Copy the records below exactly, leaving out every picture.

[Opening Source data section]

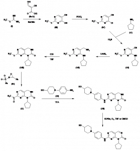 1-Cyclopentyl-7-[4-(4-hydroxypiperidin-1-yl)phenylamino]pyrimido[4,5-d]pyrimidin-2(1H)-one | C22H26N6O2 | |
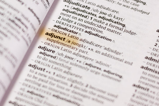 Ivanovsk, Russia - November 19, 2018: The word or phrase Adjunct in a dictionary.
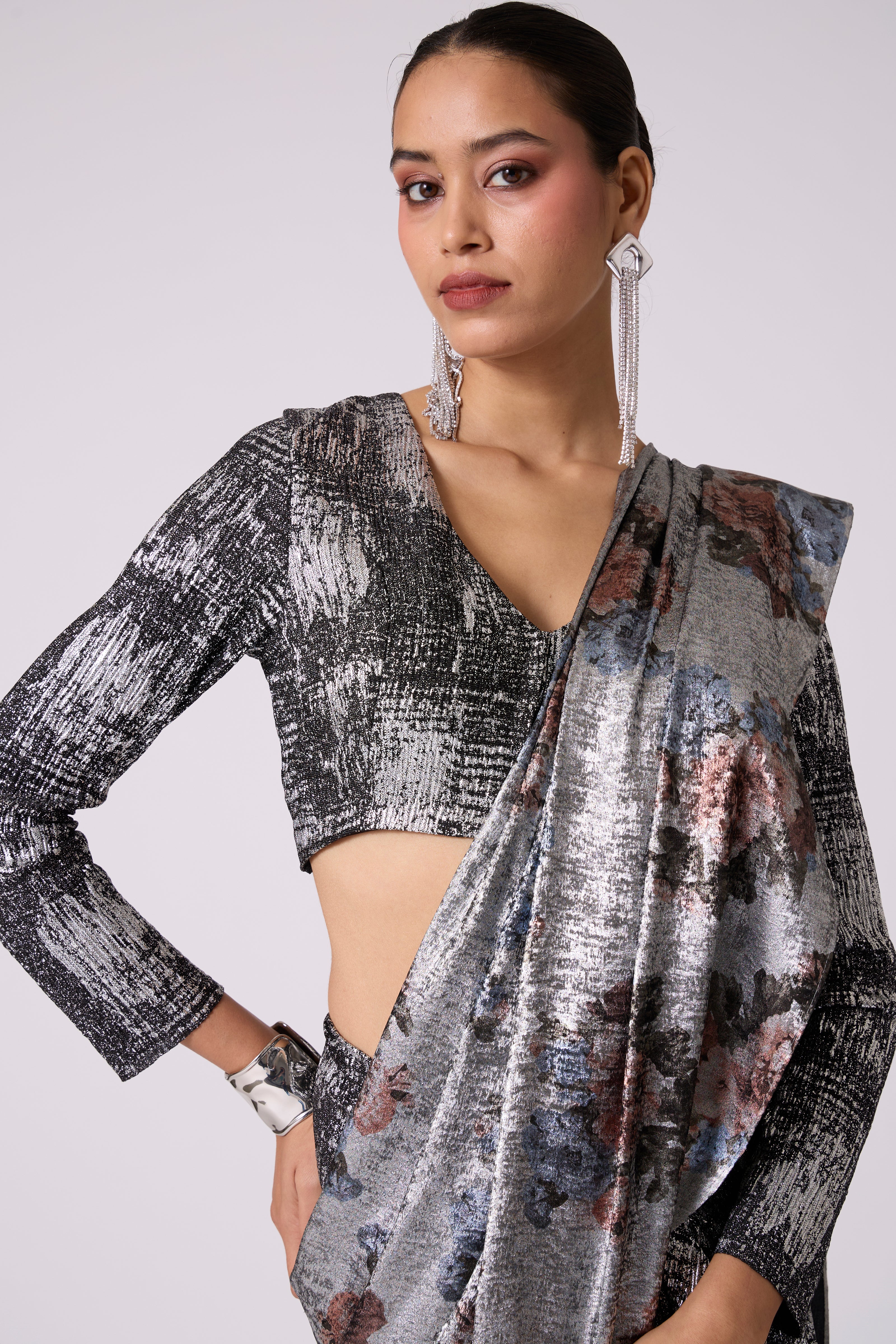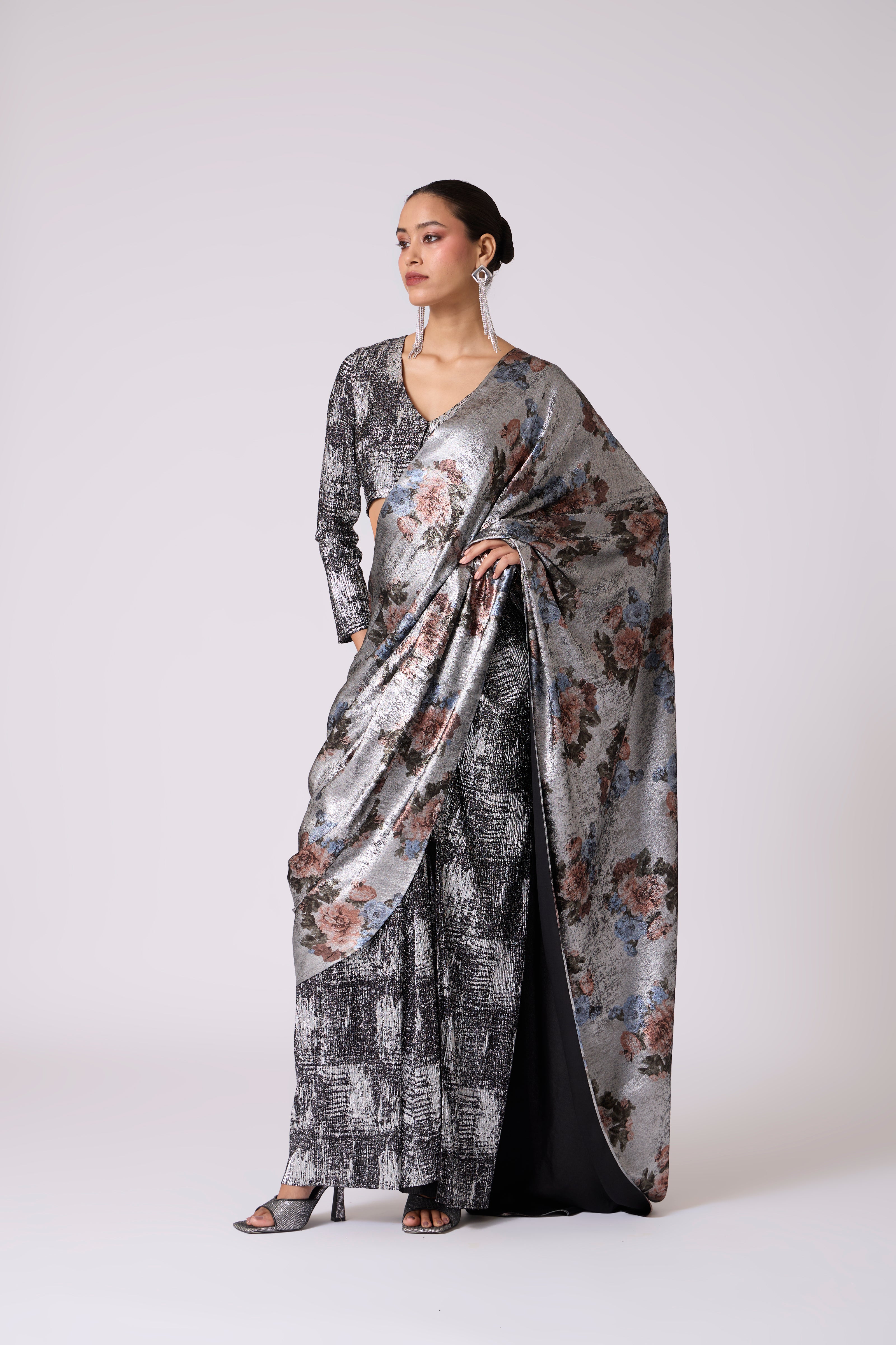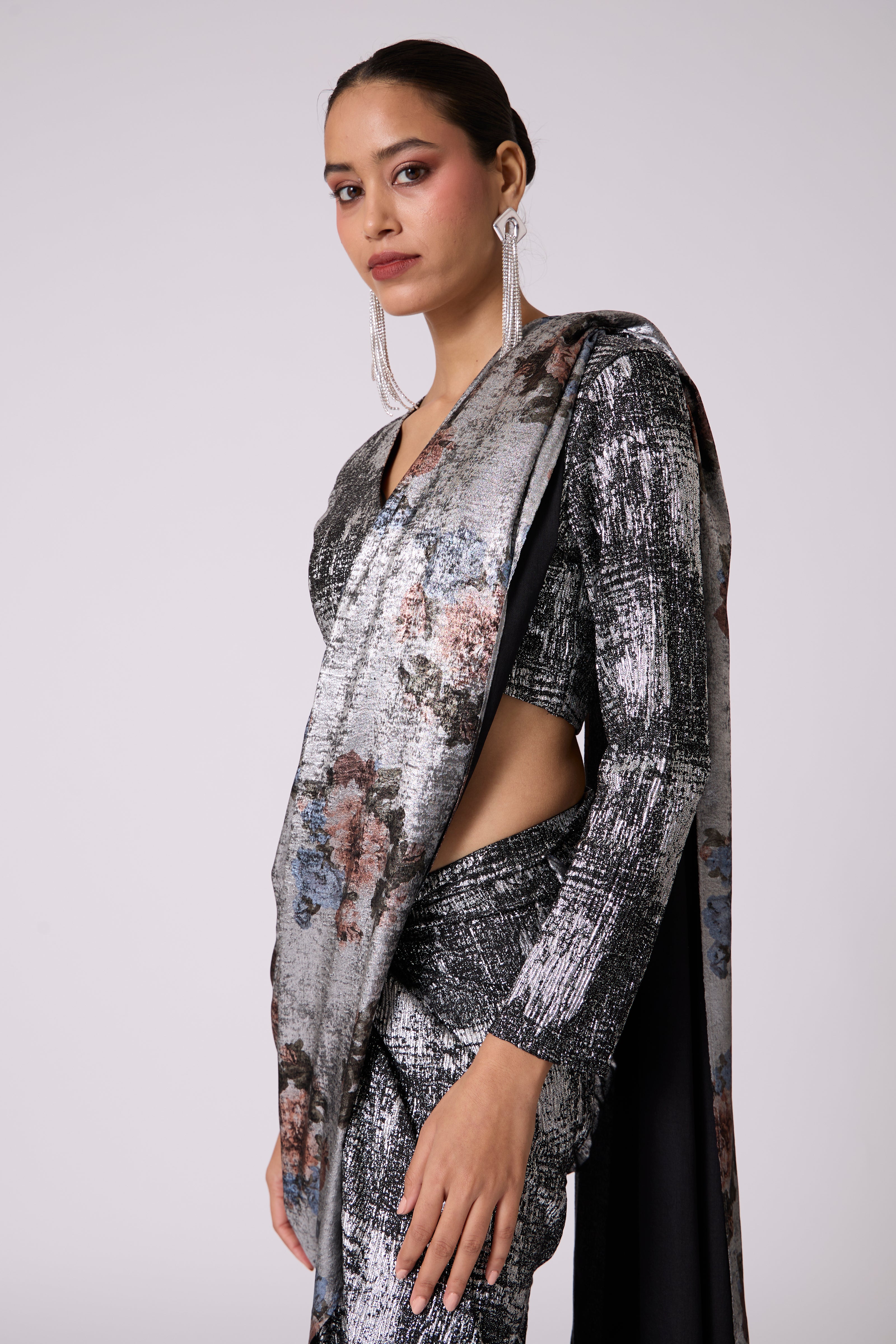 Elevate your evening with our stunning pre-draped saree, featuring a pleated skirt with a chic slit and a satin foil print pallu. Perfect for a modern cocktail look that's sure to turn heads!
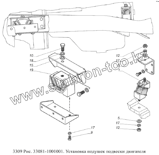 Каталог запасных частей к технике: ГАЗ-3309 (Евро 2). Установка подушек подвески двигателя
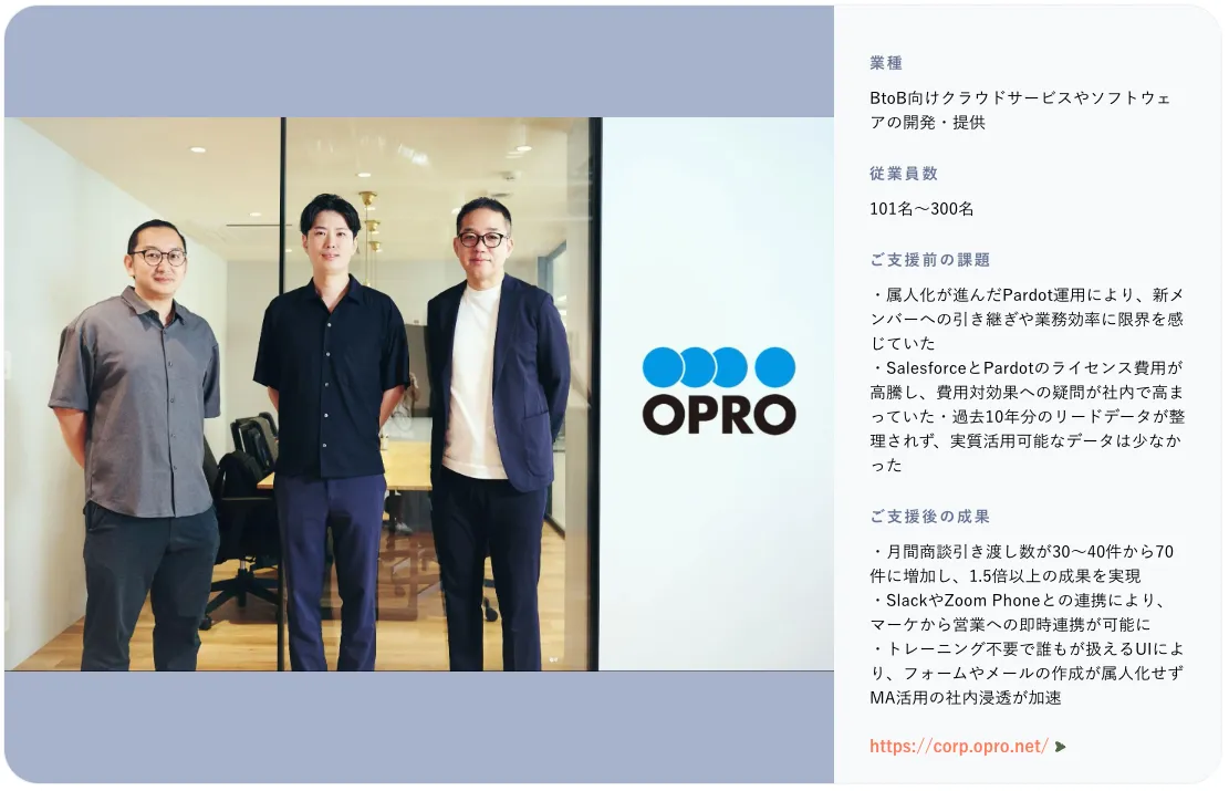 オプロはBtoB向けのクラウドサービスを提供する企業であり、Salesforceの旧Pardotを利用していたものの、運用の属人化が進行し、どの担当者もが容易に利用できる環境が整っていませんでした。特定の担当者がフォームやメールの作成を行うことが多く、そのために新メンバーの立ち上がりにも時間がかかりがちでした。

[Closing Source data section]

> Response to this task:
 1-Cyclopentyl-7-[4-(4-hydroxypiperidin-1-yl)phenylamino]pyrimido[4,5-d]pyrimidin-2(1H)-one | C22H26N6O2 | |
 Ivanovsk, Russia - November 19, 2018: The word or phrase Adjunct in a dictionary.
 Elevate your evening with our stunning pre-draped saree, featuring a pleated skirt with a chic slit and a satin foil print pallu. Perfect for a modern cocktail look that's sure to turn heads!
 Каталог запасных частей к технике: ГАЗ-3309 (Евро 2). Установка подушек подвески двигателя
 オプロはBtoB向けのクラウドサービスを提供する企業であり、Salesforceの旧Pardotを利用していたものの、運用の属人化が進行し、どの担当者もが容易に利用できる環境が整っていませんでした。特定の担当者がフォームやメールの作成を行うことが多く、そのために新メンバーの立ち上がりにも時間がかかりがちでした。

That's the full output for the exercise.